Table: Quality analysis of trading volume for pool-based derivatives DEXs

Source: LD Capital
GMX has 4–5 times more users than other projects, with far larger position sizes—three times that of Kwenta and five times that of Gains Network.
Kwenta and Level show significantly higher average transaction volumes per user compared to non-incentivized platforms.
Kwenta’s 30-day average trading volume per user is about $1.6 million—four times that of GMX. The top five traders account for 33.35% of total volume, indicating relatively low concentration. With 2,986 users, it leads the second-tier projects.
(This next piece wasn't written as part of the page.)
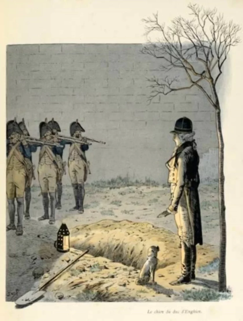 Але адразу пасля суда, ноччу, Антуана Энгіенскага, Бурбона, вывелі пад сцены Венсэнскага замка на расстрэл. Побач, перад падрыхтаванай магілай, сядзеў верны пудзель Магілёў. Салдатам было нязручна цэліць у цемры, то герцага папрасілі трымаць у руцэ запалены ліхтар. «Дзякуй Богу, — сказаў пры канцы жыцця герцаг, — я паміраю як воін». І сам скамандаваў салдатам: «Плі!»

Position size fluctuates between $40M and $60M.
Level’s 30-day average trading volume per user reaches $5.76 million—15 times higher than GMX. However, trading is highly concentrated: the top five traders account for nearly 75% of volume. With only $2.6M in positions and fewer than 600 users, a large portion of interactions appear to be volume-padding.
Overall, GMX remains the leader in the sector with clear advantages in user count and position size. Kwenta attracts more genuine users with less concentrated volume; after drawing users via incentives, it may retain them through better liquidity depth and lower fees. Level, however, suffers from high levels of artificial volume and inflationary tokenomics.
Recent Development Plans
GMX
According to community insights, GMX attributes the decline in volume and yields primarily to broader market downturns.
GMX’s current focus is launching its V2 version. The V2 testnet went live on May 17, allowing user participation. Key changes include:
GLP will transition from a single pooled structure to individual pools per trading pair. This isolation allows inclusion of higher-risk assets.
Two asset types will exist: pairs backed by native assets like BTC and ETH, and synthetic asset pairs fully backed by USDC. Traders can choose liquidity from different pools.
With multiple pools, LP participation becomes more complex, requiring analysis of utilization rates and yield variations to determine optimal pool selection.
Introduction of funding rates and price impact factors to balance long and short positions.
Kwenta
Kwenta’s development is closely tied to Synthetix. Both belong to the same ecosystem—Synthetix provides strong liquidity, while Kwenta delivers frontend services and acquires users.
On May 25, Synthetix founder Kain Warwick shared ideas for future development, including:
Using SNX for trading incentives, allocating 5–10 million SNX to the program.
Introducing passive SNX staking to broaden participation and increase the capital pool. Previously, Synthetix used active staking, where stakers had to outperform the overall pool to earn good returns or use hedging tools to manage risk. Passive staking would offer a stable baseline return, simplifying participation.
Subsidizing frontend operators’ costs. Currently, frontend revenues largely go to SNX stakers, creating insufficient long-term incentives for frontend teams. For example, Kwenta’s protocol revenue is fully distributed to SNX stakers. It is proposed to allocate a portion (e.g., 10 million SNX) from the treasury to stake on behalf of frontends, generating 3–5% base fee income.
These proposals address relationships between users, capital providers, and product development. If implemented, they could significantly boost projects built on Synthetix.
Level
In May, Level passed a community vote to expand cross-chain and migrate to Arbitrum. LVL token liquidity pools are already deployed on Arbitrum, enabling trading. The frontend is expected to go live by mid-June. Given Arbitrum’s large active user base and capital depth, this migration could attract new users and funds.